Creating content
The hardest thing to watch in Avatar: The Way of Water (spoiler alert)
Day 28 of 100-day Creator Challenge
Just another warning: “…there be spoilers.”
I’ve gone to see Avatar: The Way of Water in 3D with my daughter for a second time now.
We went on New Year’s Eve the first time. But I actually hadn’t seen the first one, and she forgot what happened in the first one as she watched it with her dad a few years ago. So we watched the first one in the weekend, and went again. The beginning of the second one made a lot more sense, though I still have some questions about the characters.

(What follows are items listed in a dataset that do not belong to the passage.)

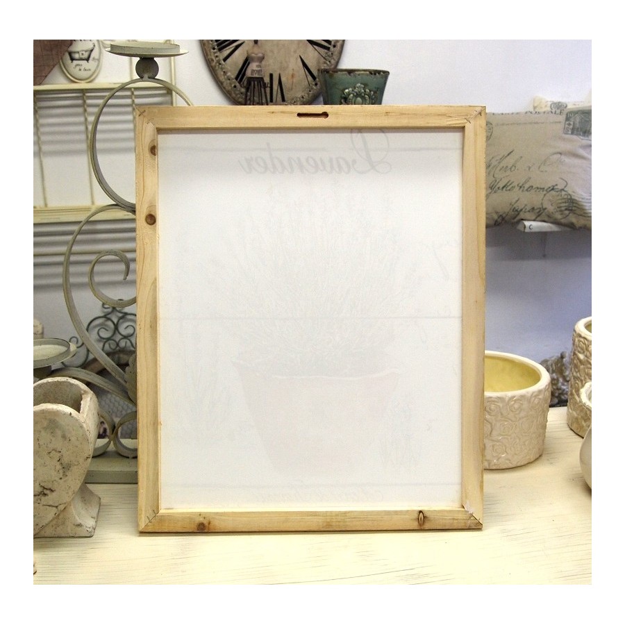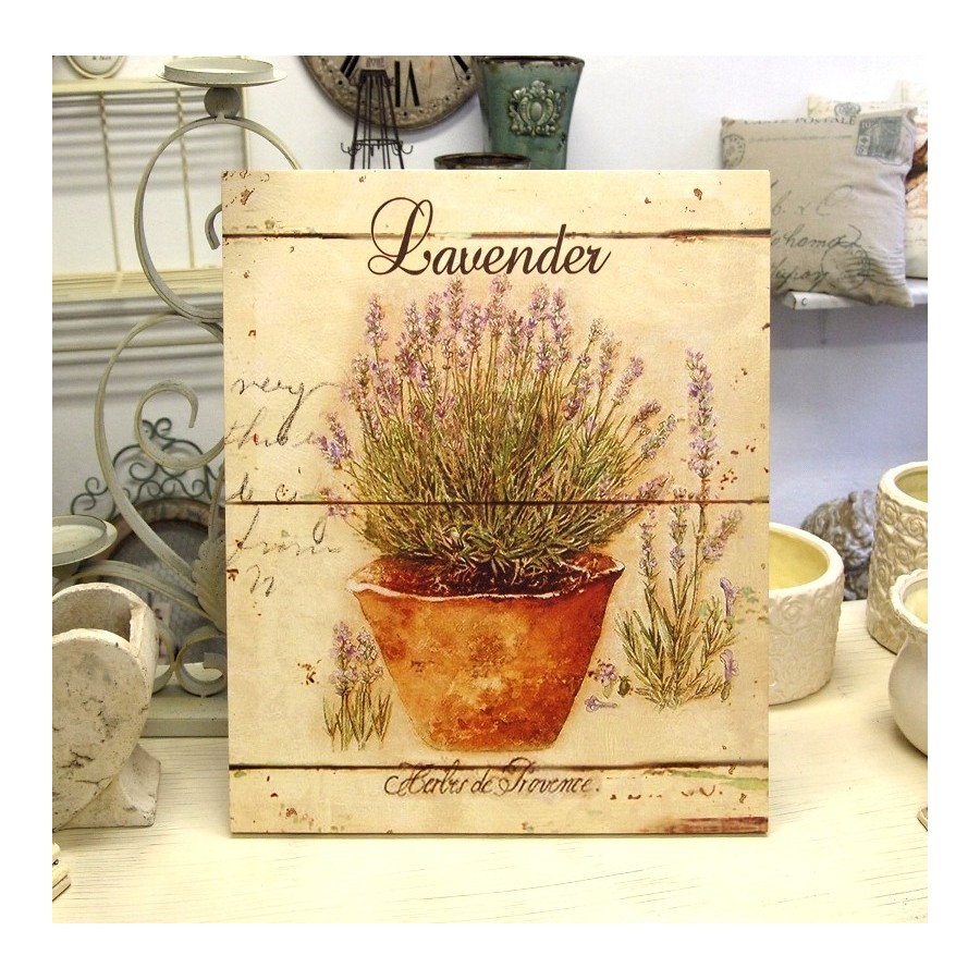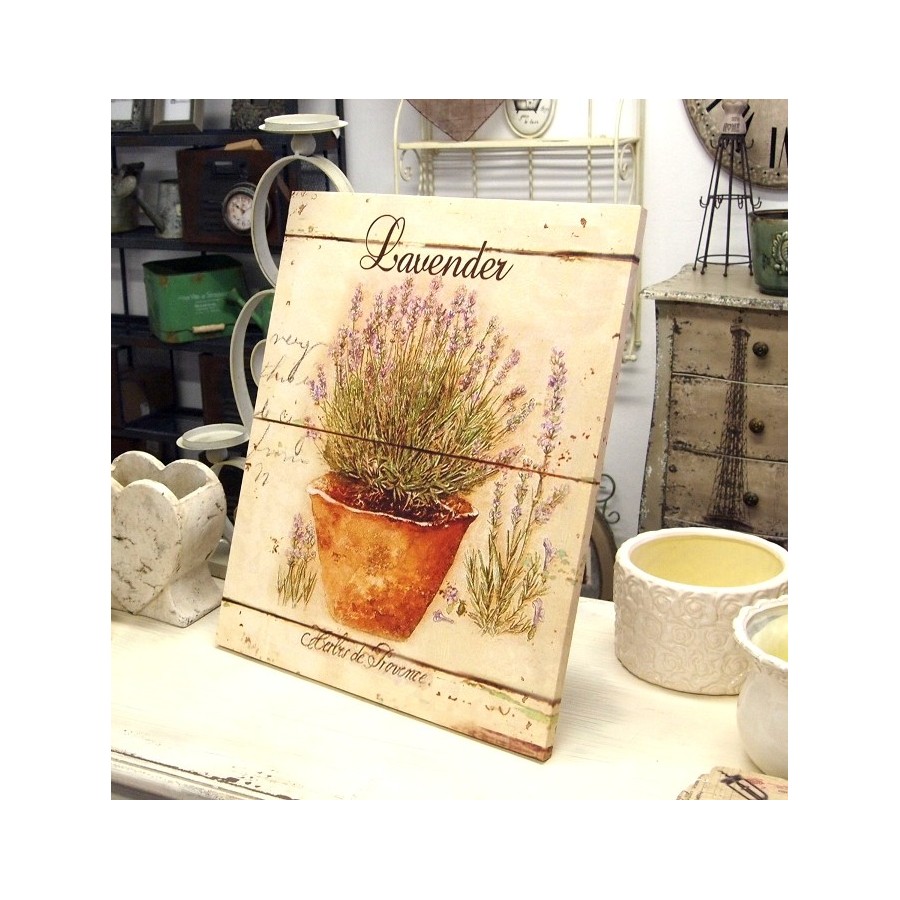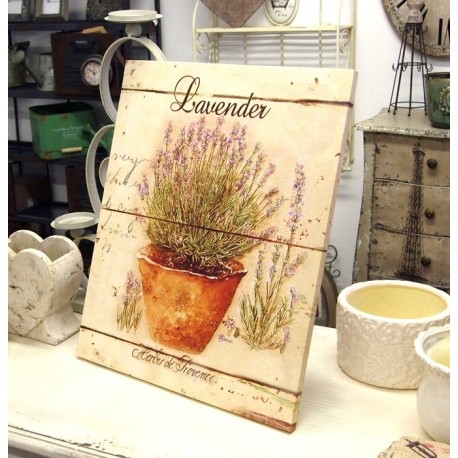 Pełne uroku obrazy w stylu prowansalskim, na których znajduje się lawenda w doniczce oraz ciemnobrązowy napis Lavender. Obrazy z lawendą imitują obrazy namalowane na drewnianych deskach. W rzeczywistości są to grafiki naciągnięte na drewniane ramy wykonane z drewna sosnowego.
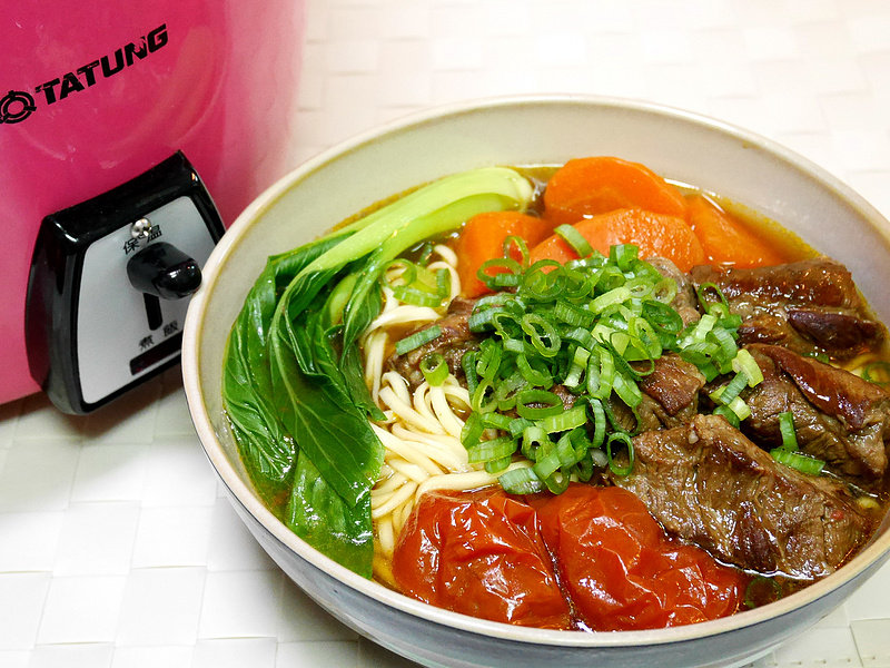 6:【开始炖牛肉】取一内锅,放进步骤5完成的炒料、牛西红柿块、红萝卜块、八角和清水。(外锅)倒进2米杯水量,按下开关,炖煮约45分钟。开关第一次跳起时,(外锅)再加进2米杯温水量,待开关再度跳起,即依个人口味喜好,酌量添加盐巴调味。(耗时约90分钟)(希望更软烂,可再重复1次)加点面条,加点青菜,美味满分,营养满分
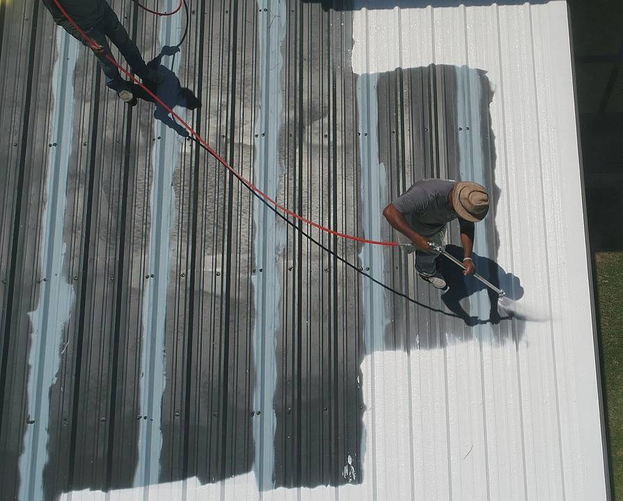 La peinture avec le procédé « cool roof » soit « toit frais » permet de peindre tous type de toitures en blanc afin de renvoyer un maximum les rayonnements solaires. Ces peintures sont travaillées pour avoir une meilleure résistance thermique et une usure sur 20 ans, tout en complétant la solidité de la structure du toit et en renforçant son isolation.
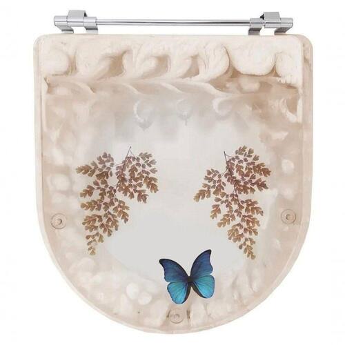 Tampa De Vaso Acrílico Calypso Bege Decorada Com Borboleta Azul Para Incepa Tampa De Vaso Acrílico Calypso Bege Decorada com Borboleta Azul para Incepa é a escolha perfeita para seu banheiro. O Assento Sanitário Poliéster é considerado o melhor tipo de assentos sanitários do mercado pelo seu acabamento impecável e excelente durabilidade. Este assento de vaso sanitário Calypso cor Bege é produzido em resina maciça de poliéster. O poliéster é uma resina semelhante ao acrílico, só que mais robusta / resistente. Por isso, é totalmente impermeável, pode ser lavado com água à vontade. Fácil de limpar. Não acumula sujeira.

I’ve heard some critics saying that it was too long (3 hours 12 minutes), and that it could be cut in half without losing any plot in the story. But we didn’t even notice the time. We were marvelling at the CGI and all the beautiful underwater scenes and creatures.
Rating for the movie is PG-13 with additional description: sequences of strong violence and intense action.
Violence can only be expected with a movie where there is war between the two races. I had no problem with this.
But the scene I found the hardest to watch was the Tulkun hunt. It wrenches my heart.
A mother Tulkun protecting her calf was separated from the herd as an easy target. The calculated attack tactics of the humans was painful to watch. An elegant and intelligent giant of a creature slaughtered just for a vial extracted from her brain that evidently stops human aging. In slaughtering the mother, the calf also died.
It reminded me of Greenpeace footage of whale hunts which probably inspired the whole scene.
It reminded me of images of elephant carcasses left to rot after the ivory tusks have been extracted.
It was still hard to watch the second time.
It just made me think how horrible us humans can treat other creatures and not honour the great mother.